Table 1 Overview of Advancements, Methodologies, and Research Gaps in Relevant Studies

3 Methodology

This section is organized into two distinct parts. The first part centres around Diabetic Foot Ulcer Classification Models, delving into the software-driven aspects of these models. The discussion in this segment revolves around the intricacies of developing and refining classification models for diabetic foot ulcers.

In the second part, the focus shifts to Hardware Implementation on GPUs and FPGAs. This section explores the practical implementation of the aforementioned software models on Graphics Processing Units (GPUs) and Field-Programmable Gate Arrays (FPGAs). It elucidates the hardware-related considerations and optimizations essential for effectively deploying and executing these models on specialized computing architectures. Together, these two parts provide a comprehensive view of the software and hardware dimensions of diabetic foot ulcer classification systems.
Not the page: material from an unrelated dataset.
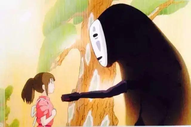 千与千寻中的无脸男,虽然不确定这是面具还是无脸男的实际面孔,怪物一个,空虚与寂寞的代表,被女主真心所感化,其实还是挺可爱,挺善良的。

3.1 Diabetic foot ulcer classification models

The Diabetic Foot Ulcer Classification Models section encompasses the analysis of a specific dataset, details on image pre-processing techniques, and a focused exploration of proposed models tailored for diabetic foot ulcer identification. It provides a concise yet comprehensive view of the key elements contributing to effective classification in this context.

3.1.1 Data set

Our team collected the dataset from patients in the Diabetic Center Department at Nasiriyah Hospital in Thi-Qar, Iraq, and some samples are shown in Fig. 2. The dataset is public now and available at the following link (https://www.kaggle.com/laithjj/diabetic-foot-ulcer-dfu). The dataset comprises 754 images of the feet of healthy and DFU patients. The images were taken using a Samsung Galaxy Note 8 and iPad, and different angles and lighting conditions were used to capture the images adequately. The images are color, standardized for training the DFU_TFNet, DFU_FNet model, and pre-training well-known models, i.e., VGG-16, GoogleNet, and AlexNet.

Fig. 2
figure 2

Samples of our datasets. The blue box samples are abnormal, and the green box samples are normal

3.1.2 Image pre-processing

Some pre-processing tasks were needed before using the dataset for the proposed and pre-trained models. First, the images were cropped to a size of 224 × 224 pixels. The resulting images show patches, so-called Regions of Interest (ROI), since each contains either the ulcer and its surrounding tissues or healthy skin. The dataset's total number of skin patches was 1,609, including 542 healthy skin and 1,067 DFU patches. Next, these patches were categorized by the medical expert into two types: healthy (normal) and DFU (abnormal). The data augmentation techniques were used to increase the dataset and avoid the unbalanced issue. Finally, the labelled patches are all used for training. There are 200 samples that were collected for testing. These samples will be public once the ethical approval is finished. The data augmentation techniques were applied only to the training set. Samples of the initial dataset (before cropping) are illustrated in Fig. 3.

Fig. 3
figure 3

Normal vs. Abnormal skin patches on a patient’s foot

3.1.3 DFU proposed models

Two CNN models, namely DFU_FNet and DFU_TFNet, have been introduced. DFU_FNet, characterized by its simplicity, extracts features utilized for training classifiers such as SVM and KNN. On the other hand, DFU_TFNet, a deeper model leveraging transfer learning, assesses hardware efficiency across both shallow and deep models. The evaluation parameters employed in setting up these proposed models include a learning rate of 0.001, a batch size of 32, 100 epochs, and using the SGD optimizer.

DFU_FNet model

This CNN model is introduced in the proposed system to improve the extraction of the critical features required for DFU classification. The concept of Directed Acyclic Graph (DAG) is the basis of the DFU_FNet model [23]. Two key challenges should be considered when using these types of networks. The first challenge involves enhancing the model accuracy using additional convolution layers compared to the traditional network. Unfortunately, adding layers can decrease the performance of the model. The second challenge is that discriminating between normal and abnormal DFU types requires extracting additional vital features. Thus, a more complicated structure is required. In this research, the width of the DFU_FNet model was increased, which can increase the comparative computing cost.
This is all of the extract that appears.